O Ministério Público sueco tem abandonou sua investigação sobre o comportamento do rapper holandês Joost Klein durante o Festival Eurovisão da Canção deste ano em Malmo.
Klein, cuja canção Europapa foi uma das competições favoritosfoi desclassificado no dia da final após um incidente no ensaio de quinta-feira entre ele e uma cinegrafista.
Klein foi desclassificado após uma reclamação formal de uma cinegrafista que disse ter sido ameaçada pelo artista holandês.
A emissora holandesa AvroTros admitiu que Klein fez um “movimento ameaçador” quando foi filmado contra sua vontade nos bastidores, o que violou os acordos que tinha sido feito, mas disse que não havia tocado na mulher envolvida.

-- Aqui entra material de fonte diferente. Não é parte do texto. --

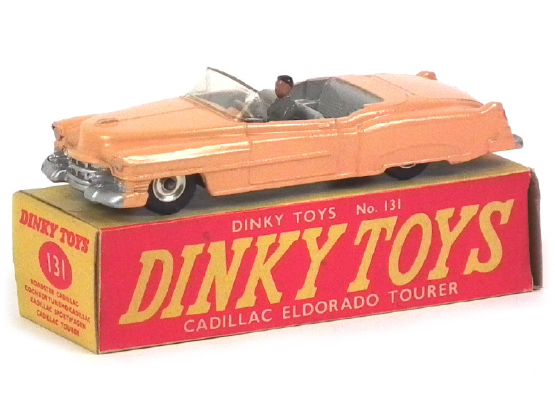 DINKY TOYS (GB) 131 CADILLAC Tourer décapotable saumon, intérieur gris & jantes aluminium
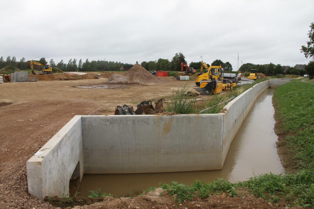 Rondom de site zijn de boordstenen aangebracht. Dat is ook het geval voor de fietspaden, die doorheen het volledige bedrijventerrein zullen lopen. Ook de ‘blusvijvers’ zijn gerealiseerd.
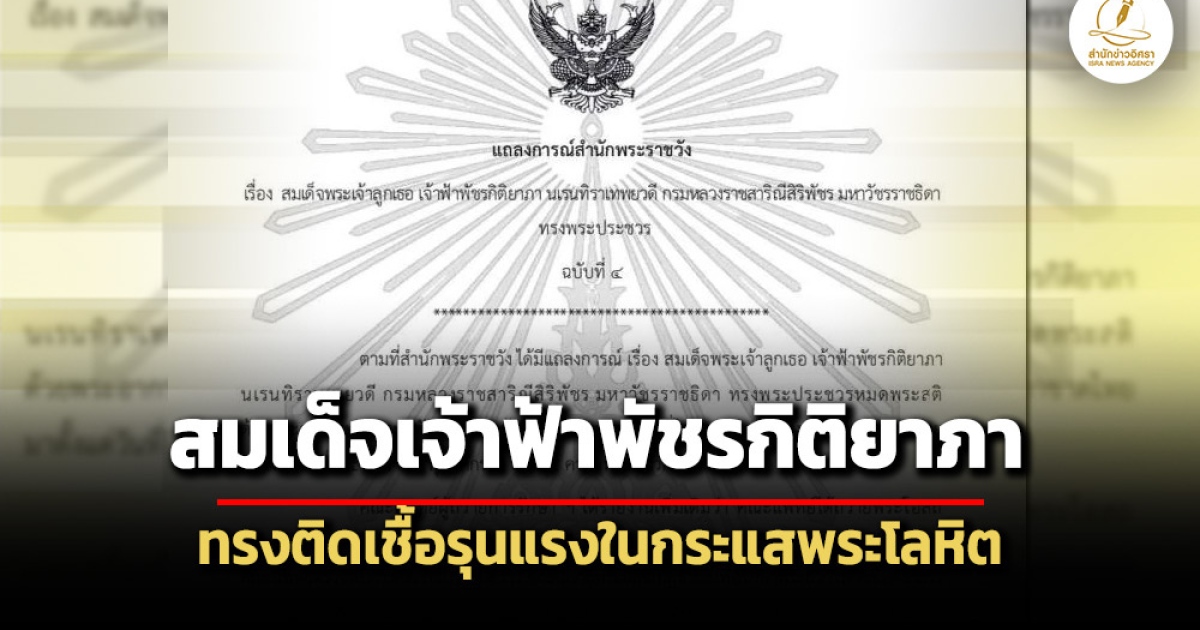 สำนักข่าวอิศรา (www.isranews.org) รายงานว่า เมื่อวันที่ 15 สิงหาคม 2568 สำนักพระราชวังออกแถลงการณ์สำนักพระราชวัง เรื่อง สมเด็จพระเจ้าลูกเธอ เจ้าฟ้าพัชรกิติยาภา นเรนทิราเทพยวดี กรมหลวงราชสาริณีสิริพัชร มหาวัชรราชธิดา ทรงพระประชวร ฉบับที่ 4
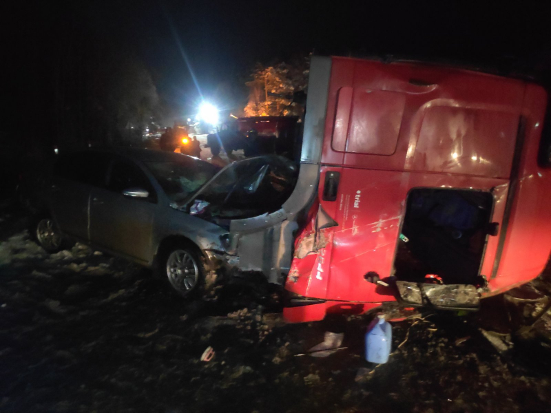 На автодороге Ачинск — Назарово произошла авария с участием бензовоза и легкового автомобиля. Как рассказали в полиции края, 50-летний водитель автоцистерны «Мерседес» не справился с управлением и выехал на полосу встречного движения, где столкнулся с легковым автомобилем «Фольксваген» и опрокинулся. Разлива топлива не произошло.
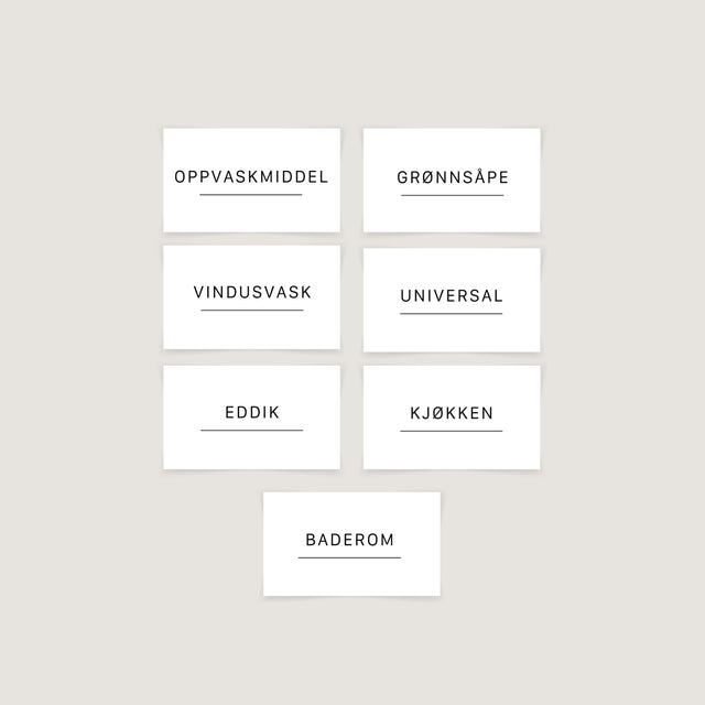 Denne pakken inneholder etiketter til: Eddik, Oppvaskmiddel, Vindusvask, Kjøkken, Baderom, Universal, Grønnsåpe
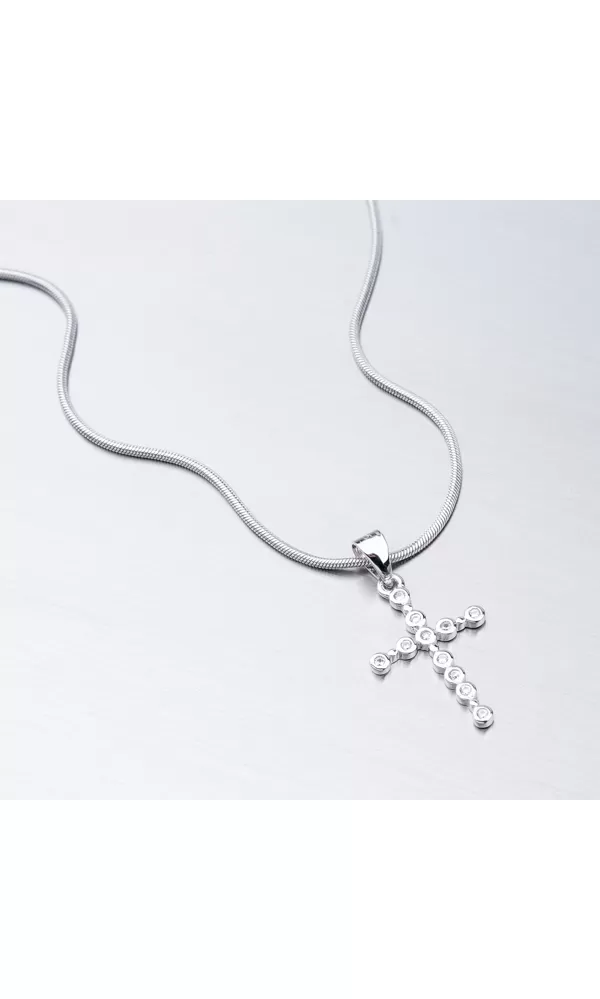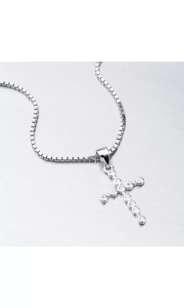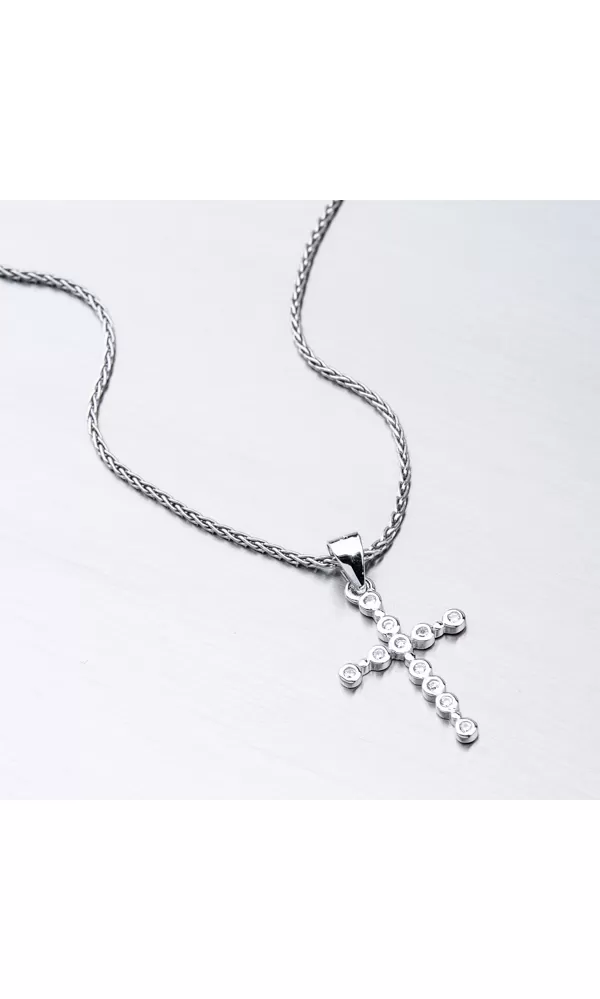 Veľmi zaujímavé prevedenie tohto prívesku v tvare kríža vás upúta na prvý pohľad. Krížik je tvorený z pospájaných krúžkov, do ktorých sú starostlivo vsadené zirkóny v briliantovom bruse. Zaujmite týmto prekrásnym šperkom.
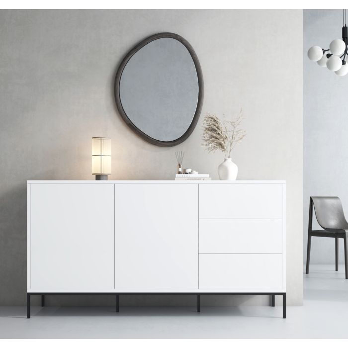 O aparador é entregue desmontado em duas caixas, com ferragens e manual de instruções para uma montagem rápida e fácil.
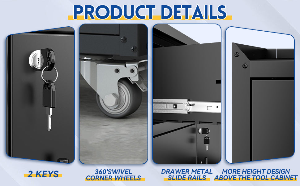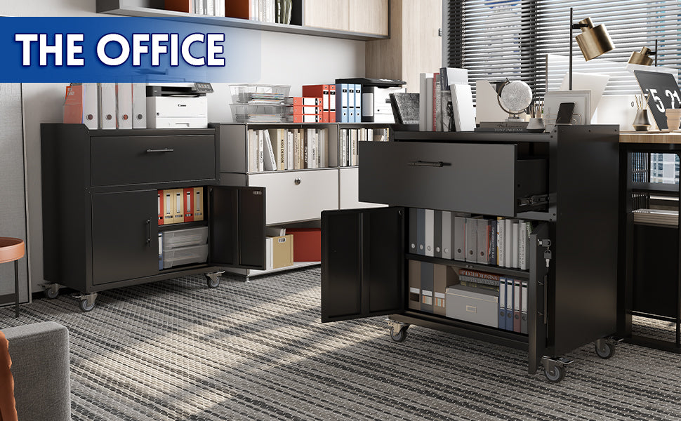 2 Door 1 Drawer Tool Cabinets For Garage, Lockable Garage Storage Cabinet, Locking Metal Storage Cabinet With Wheels, Rolling Tool Chest, Assembly Required H35.4*W30.3*D18 Black American
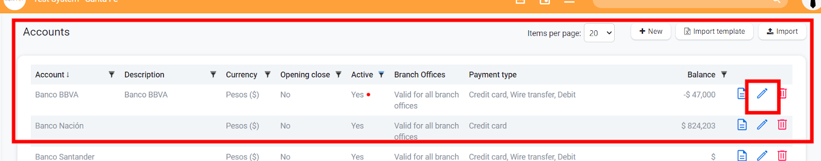 - Na seção de contas, acessaremos a opção "editar" da conta que desejamos modificar:
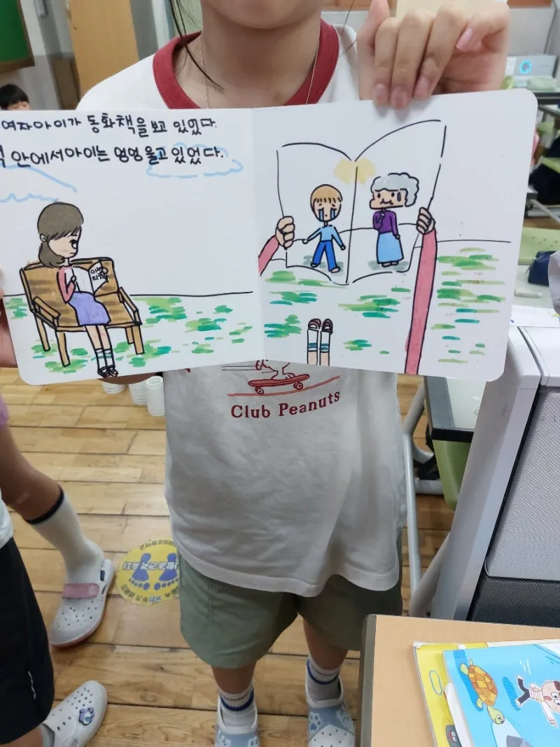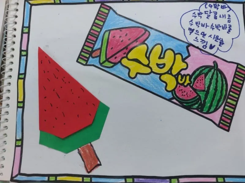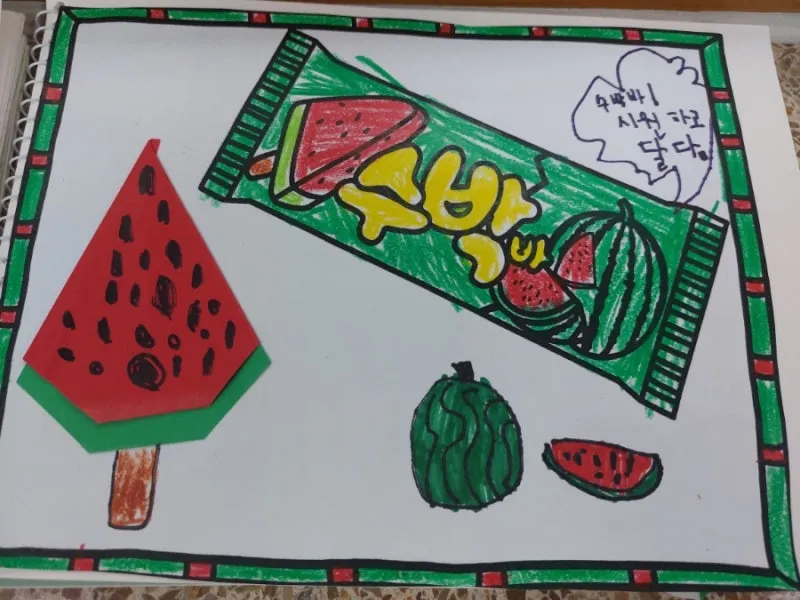 1학년 아이들이 색칠공부나 종이접기를 할 때의 순간을 옆에서 지켜보면 참 경이롭다. 집중을 하느라 꼬물대는 모습은 보기만 해도 사랑스럽다. 고사리같이 작은 손을 요리조리 움직이는 모습이라니. 말풍선에 쓴 글씨까지 너무 예쁘다. '수박이 시원하고 달다, ' 이거 어떻게 쓴 거니!
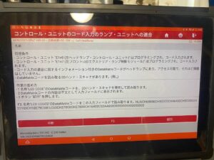 交換作業後に診断機でコーディングを行わないと正常に作動しませんのでコーディング行っていきます

O promotor sueco disse que Klein “fez um movimento” que atingiu a câmera da mulher, mas que aconteceu “rápido” e foi interpretado de forma diferente por várias testemunhas oculares.
“Hoje encerrei a investigação porque não posso provar que o ato foi capaz de causar medo sério ou que o homem tinha qualquer intenção desse tipo”, disse o promotor sênior Fredrik Jönsson em um comunicado.
O A União Europeia de Radiodifusão emitiu uma declaração logo após o incidente original ditado que a versão holandesa dos acontecimentos não correspondia aos relatos das testemunhas.
“Joost’s comportamento estava em clara violação das regras do concurso, que são projetadas para garantir há um ambiente de trabalho seguro para todos os funcionários e para proteger a produção”, disse o comunicado da EBU.
A AvroTros disse em um comunicado na segunda-feira que “ainda está profundamente decepcionada que a aventura de Joost Klein e de toda a Holanda na Europa tenha terminado brutalmente dessa forma”. “Desde o início, dissemos que essa desqualificação era desnecessária e desproporcional e agora parece ser”, disse o comunicado.
Reunião
A AvroTros disse que agora pretende ter uma reunião com a EBU em “muito pouco tempo”, que “se concentrará nesta desqualificação injusta”.
“Também discutiremos todas as nossas outras objeções sobre o curso dos eventos nos bastidores do concurso de música que enviamos anteriormente à EBU em uma carta abrangente de objeção, que até o momento permaneceu sem resposta.”
Vários outros concorrentes falaram sobre a atmosfera tóxica no concurso.
Nem a EBU nem Klein comentaram ainda a decisão do promotor sueco.